:: WHAT IS BEING ASKED ::
Each record must come back unchanged in your answer, stripped of its images.

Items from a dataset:
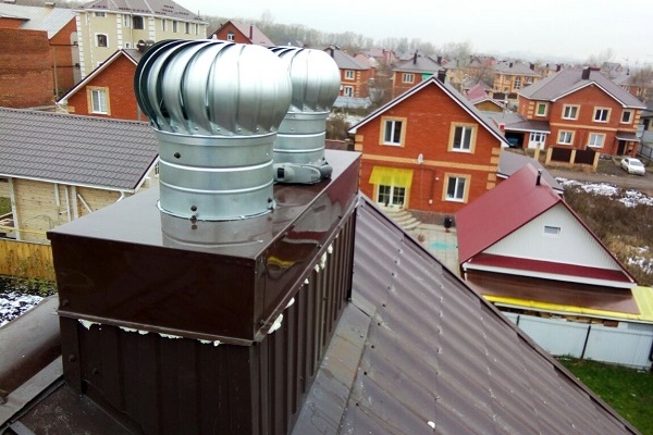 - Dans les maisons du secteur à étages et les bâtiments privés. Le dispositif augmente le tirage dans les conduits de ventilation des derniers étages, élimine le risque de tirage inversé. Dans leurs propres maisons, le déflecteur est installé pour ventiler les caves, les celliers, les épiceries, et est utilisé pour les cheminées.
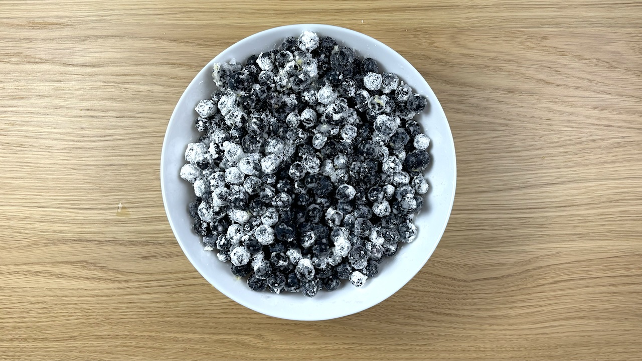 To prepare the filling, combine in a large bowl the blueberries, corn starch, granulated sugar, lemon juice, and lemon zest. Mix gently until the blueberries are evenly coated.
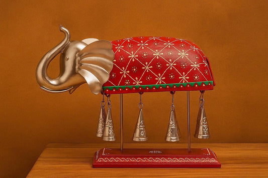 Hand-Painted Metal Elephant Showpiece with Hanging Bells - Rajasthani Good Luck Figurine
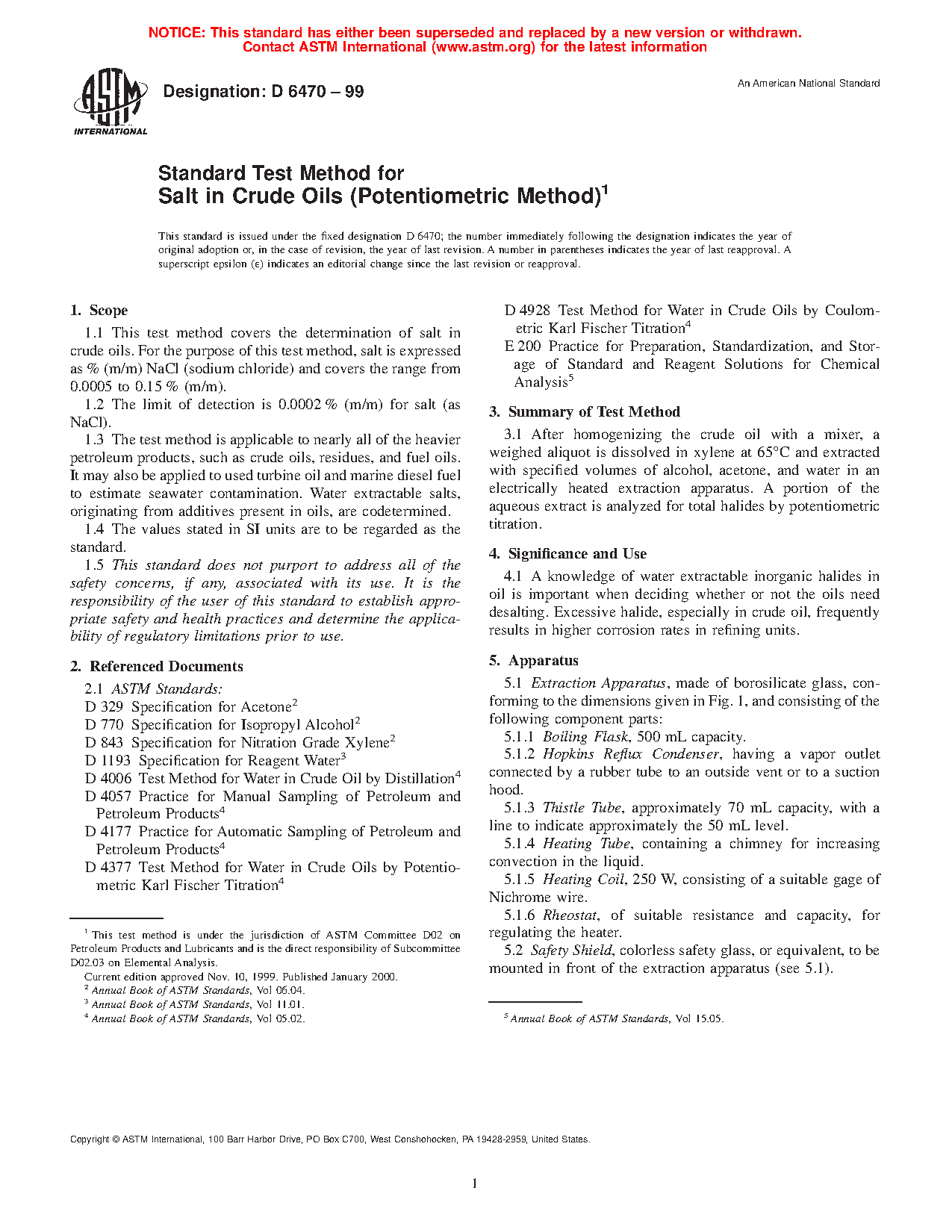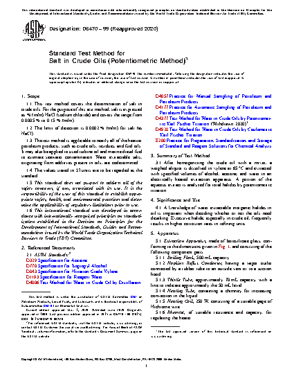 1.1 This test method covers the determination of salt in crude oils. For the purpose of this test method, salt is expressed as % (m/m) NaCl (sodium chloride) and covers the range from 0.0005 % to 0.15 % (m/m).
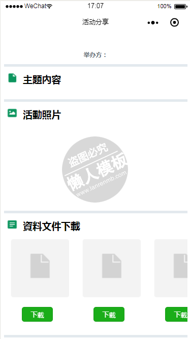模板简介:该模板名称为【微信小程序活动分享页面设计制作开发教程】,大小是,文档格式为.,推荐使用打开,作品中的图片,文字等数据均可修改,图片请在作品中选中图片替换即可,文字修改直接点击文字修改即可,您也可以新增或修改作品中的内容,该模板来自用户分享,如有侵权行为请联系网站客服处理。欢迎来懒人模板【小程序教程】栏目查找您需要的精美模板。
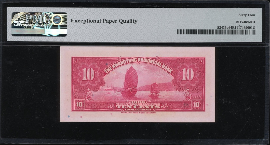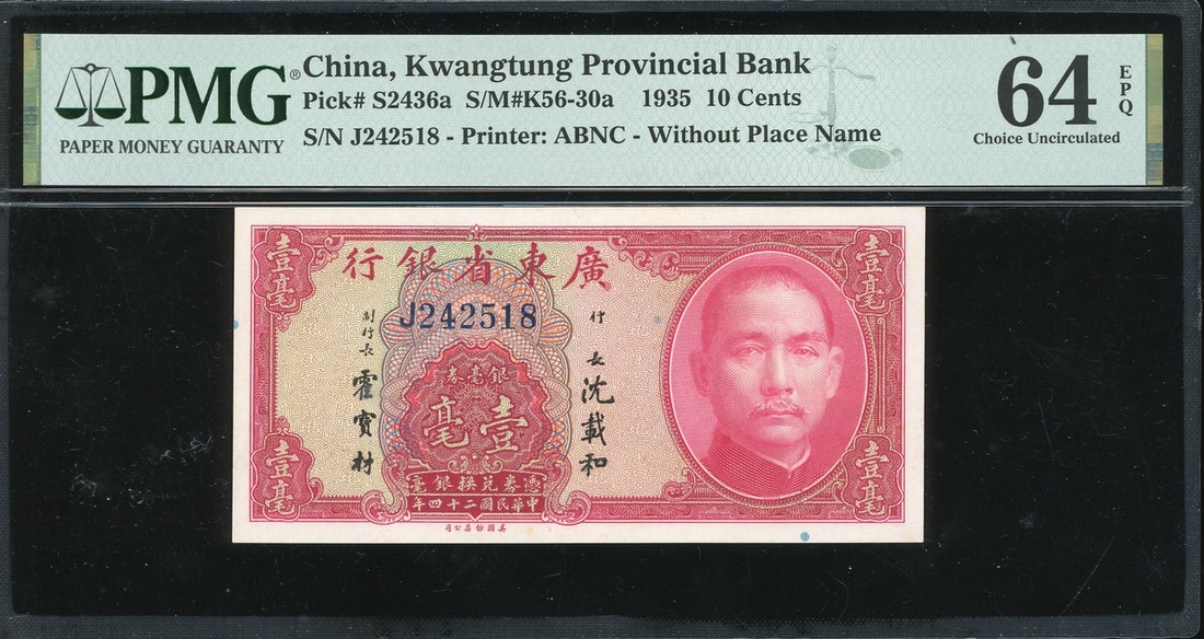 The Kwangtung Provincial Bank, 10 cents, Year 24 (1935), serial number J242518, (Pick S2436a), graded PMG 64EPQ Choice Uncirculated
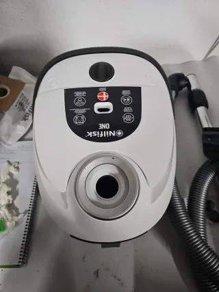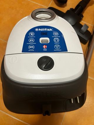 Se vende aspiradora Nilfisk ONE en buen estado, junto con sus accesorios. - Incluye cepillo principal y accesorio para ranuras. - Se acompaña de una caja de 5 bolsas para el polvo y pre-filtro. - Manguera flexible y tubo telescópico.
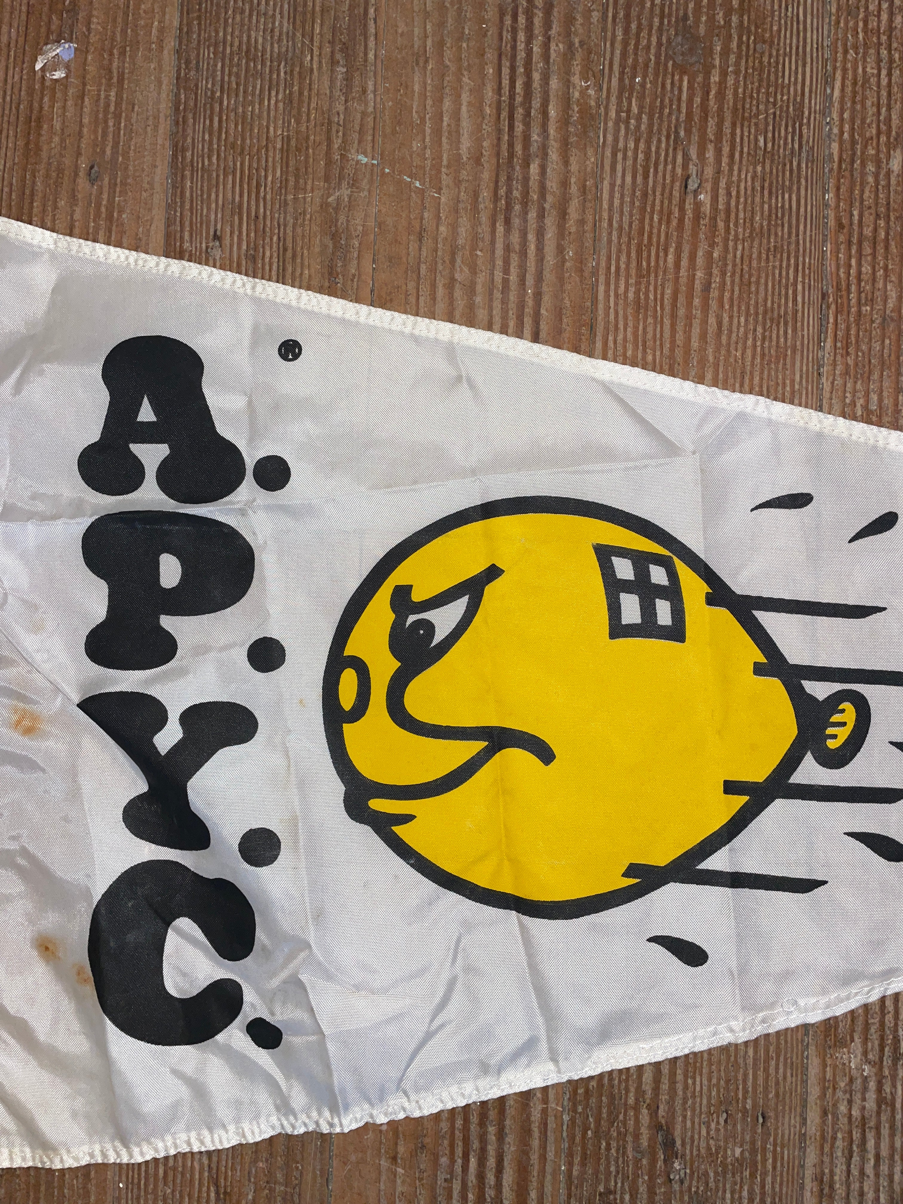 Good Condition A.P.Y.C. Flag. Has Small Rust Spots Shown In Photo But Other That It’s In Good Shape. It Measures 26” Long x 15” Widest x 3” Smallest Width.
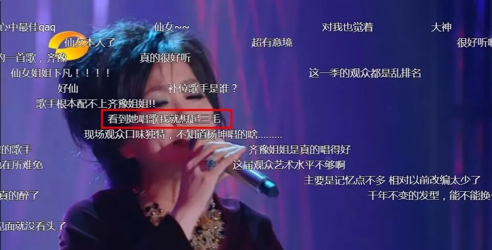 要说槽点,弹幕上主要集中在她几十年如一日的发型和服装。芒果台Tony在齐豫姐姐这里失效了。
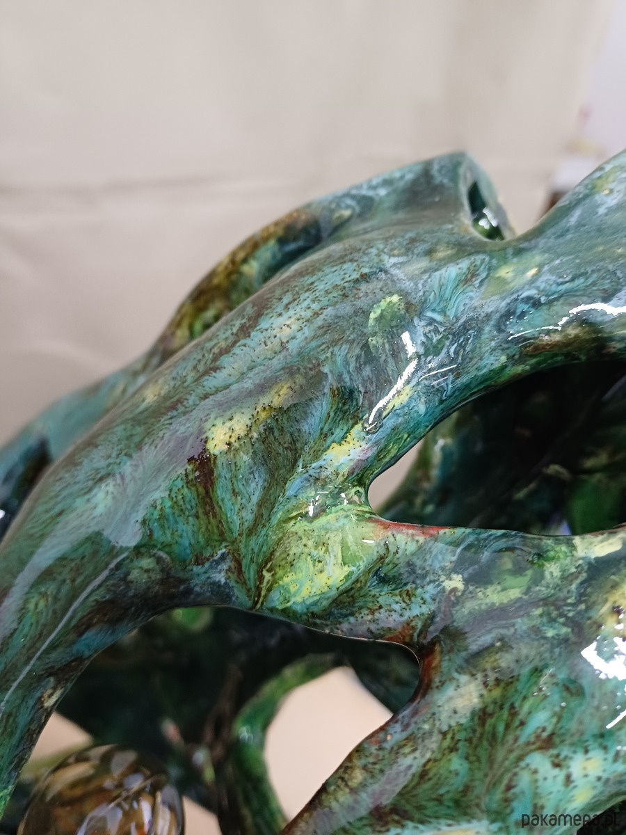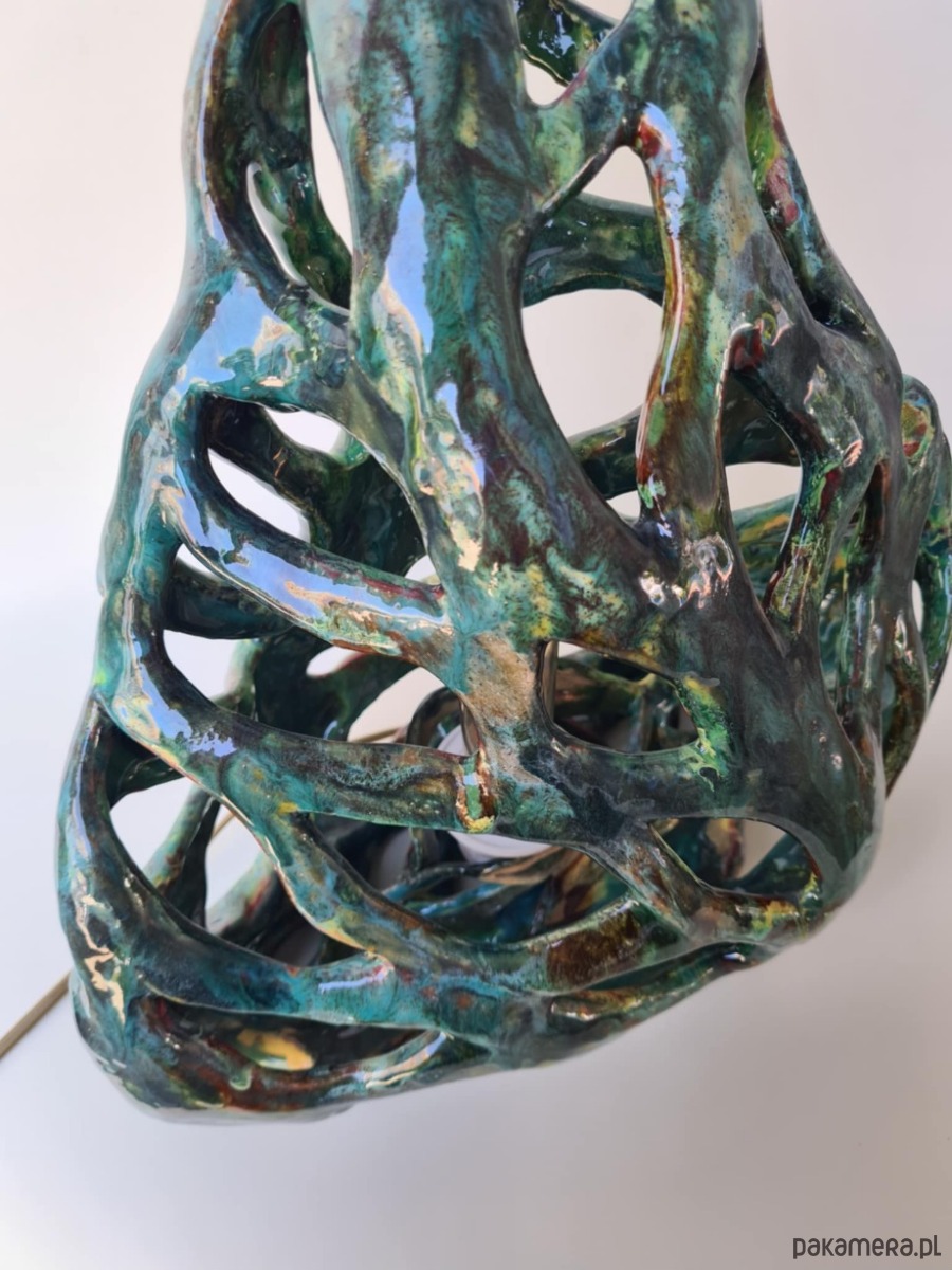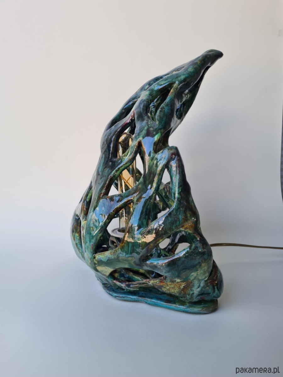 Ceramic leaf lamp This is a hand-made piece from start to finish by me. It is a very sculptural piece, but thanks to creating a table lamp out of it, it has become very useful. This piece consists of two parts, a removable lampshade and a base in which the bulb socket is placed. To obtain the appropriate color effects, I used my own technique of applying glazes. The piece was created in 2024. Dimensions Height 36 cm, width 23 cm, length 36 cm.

:: EXERCISE RESPONSE ::
 - Dans les maisons du secteur à étages et les bâtiments privés. Le dispositif augmente le tirage dans les conduits de ventilation des derniers étages, élimine le risque de tirage inversé. Dans leurs propres maisons, le déflecteur est installé pour ventiler les caves, les celliers, les épiceries, et est utilisé pour les cheminées.
 To prepare the filling, combine in a large bowl the blueberries, corn starch, granulated sugar, lemon juice, and lemon zest. Mix gently until the blueberries are evenly coated.
 Hand-Painted Metal Elephant Showpiece with Hanging Bells - Rajasthani Good Luck Figurine
 1.1 This test method covers the determination of salt in crude oils. For the purpose of this test method, salt is expressed as % (m/m) NaCl (sodium chloride) and covers the range from 0.0005 % to 0.15 % (m/m).
模板简介:该模板名称为【微信小程序活动分享页面设计制作开发教程】,大小是,文档格式为.,推荐使用打开,作品中的图片,文字等数据均可修改,图片请在作品中选中图片替换即可,文字修改直接点击文字修改即可,您也可以新增或修改作品中的内容,该模板来自用户分享,如有侵权行为请联系网站客服处理。欢迎来懒人模板【小程序教程】栏目查找您需要的精美模板。
 The Kwangtung Provincial Bank, 10 cents, Year 24 (1935), serial number J242518, (Pick S2436a), graded PMG 64EPQ Choice Uncirculated
 Se vende aspiradora Nilfisk ONE en buen estado, junto con sus accesorios. - Incluye cepillo principal y accesorio para ranuras. - Se acompaña de una caja de 5 bolsas para el polvo y pre-filtro. - Manguera flexible y tubo telescópico.
 Good Condition A.P.Y.C. Flag. Has Small Rust Spots Shown In Photo But Other That It’s In Good Shape. It Measures 26” Long x 15” Widest x 3” Smallest Width.
 要说槽点,弹幕上主要集中在她几十年如一日的发型和服装。芒果台Tony在齐豫姐姐这里失效了。
 Ceramic leaf lamp This is a hand-made piece from start to finish by me. It is a very sculptural piece, but thanks to creating a table lamp out of it, it has become very useful. This piece consists of two parts, a removable lampshade and a base in which the bulb socket is placed. To obtain the appropriate color effects, I used my own technique of applying glazes. The piece was created in 2024. Dimensions Height 36 cm, width 23 cm, length 36 cm.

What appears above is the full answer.